Effects of cooling rate on microstructure, mechanical properties, and residual stress of Fe-2.1B (wt%) alloy

The continuous cooling transformation (CCT) curve of an Fe-2.1B (wt%) alloy is obtained using a Gleeble 1500D thermomechanical simulator. The microstructure, mechanical properties, and residual stress of alloy specimens with various cooling rates are examined. The results reveal that the cooling rate has a great influence on the matrix microstructure of the Fe-2.1B (wt%) alloy. Pearlite is formed at the cooling rate of 0.1 K/s, pearlite and martensite are formed in the cooling rate range of 0.2-0.5 K/s, and only martensite remains in the matrix when the cooling rate exceeds 0.5 K/s.
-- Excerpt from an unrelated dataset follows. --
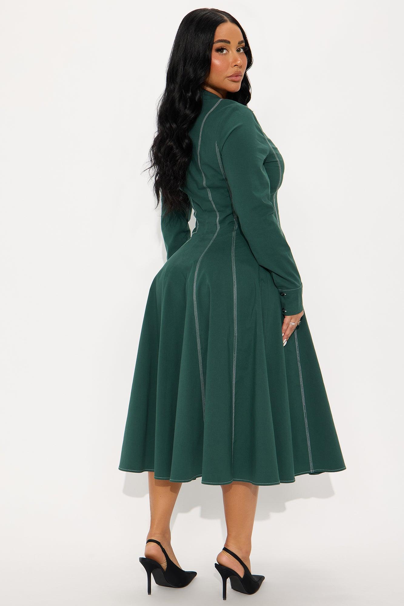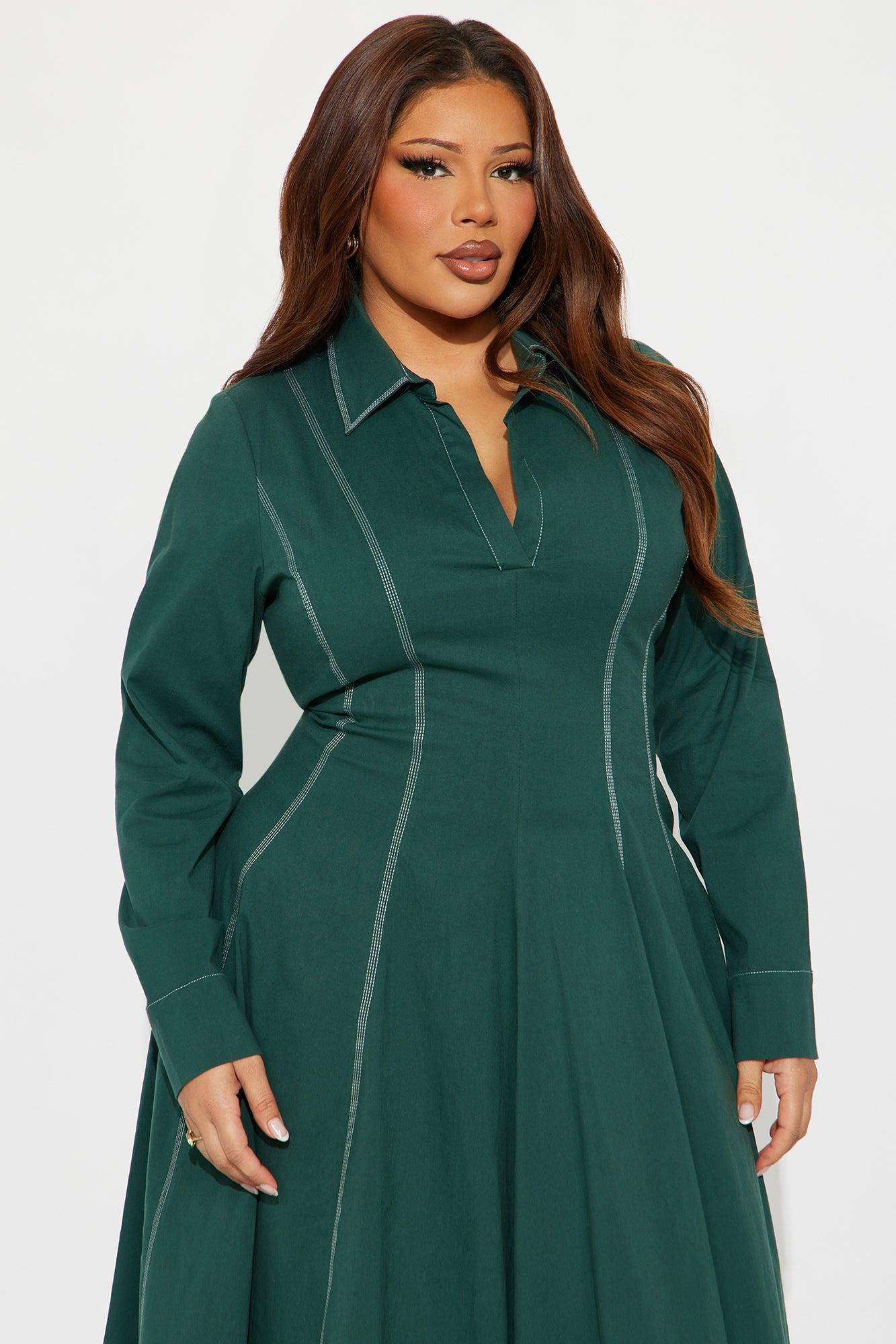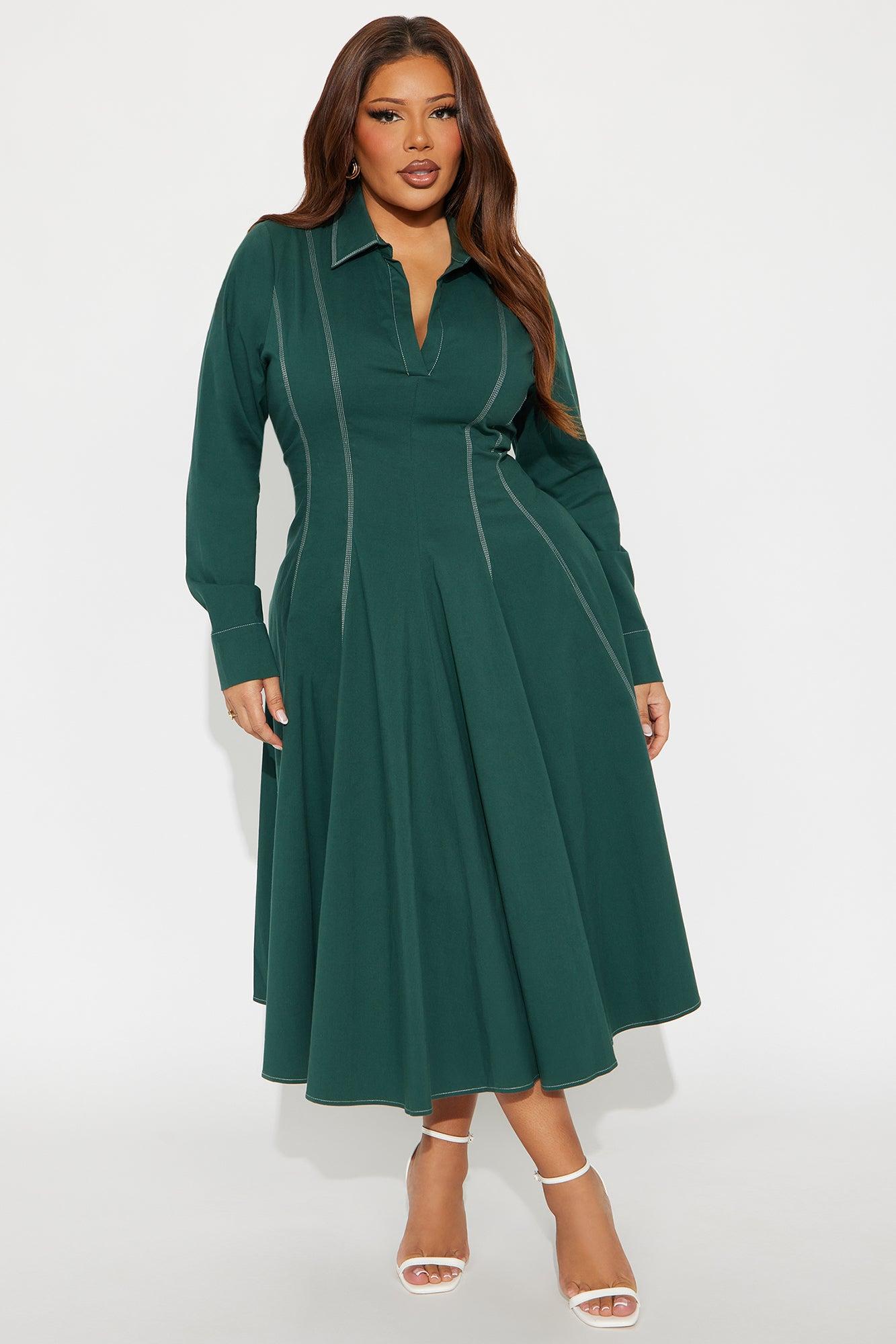 Available In Chocolate And Hunter Green. Midi Dress Collar neckline Short Sleeves Pleated Stretch Length measured flat = 44" Self : 97% Cotton 3% Spandex Imported California Proposition 65WARNING: Cancer and Reproductive Harm - www.P65Warnings.ca.gov.

In addition, as the cooling rate increases, the dislocation density in the matrix increases, and this, in turn, leads to an increase in the volume fraction of the M-23 (B,C)(6) phase. The precipitation of M-23(B, C)(6) causes the decrease in the (B + C) contents of the matrix, which, in turn, reduces the microhardness of the matrix to some extent. Meanwhile, the large residual compressive stress of the alloy increases with increasing cooling rate. The maximum residual compressive stresses induced by the cooling rates of 0.5 and 30 K/s are approximately 18% and 36%, respectively, higher than that induced by the cooling rate of 0.1 K/s. Moreover, when the cooling rate increases from 0.1 K/s to 0.5 K/s, the macrohardness and bending stress increase significantly owing to an increase in V-m/V-pr (where V-m represents volume fraction of martensite, V-pr is the volume fractions of pearlite and austenite). When the cooling rate exceeds 0.5 K/s, the macrohardness and bending stress decrease gradually because of the decrease in the (B + C) contents of the matrix and an increase in the residual stress. The critical cooling rate (0.5 K/s) may be the optimal cooling rate of Fe-B alloys.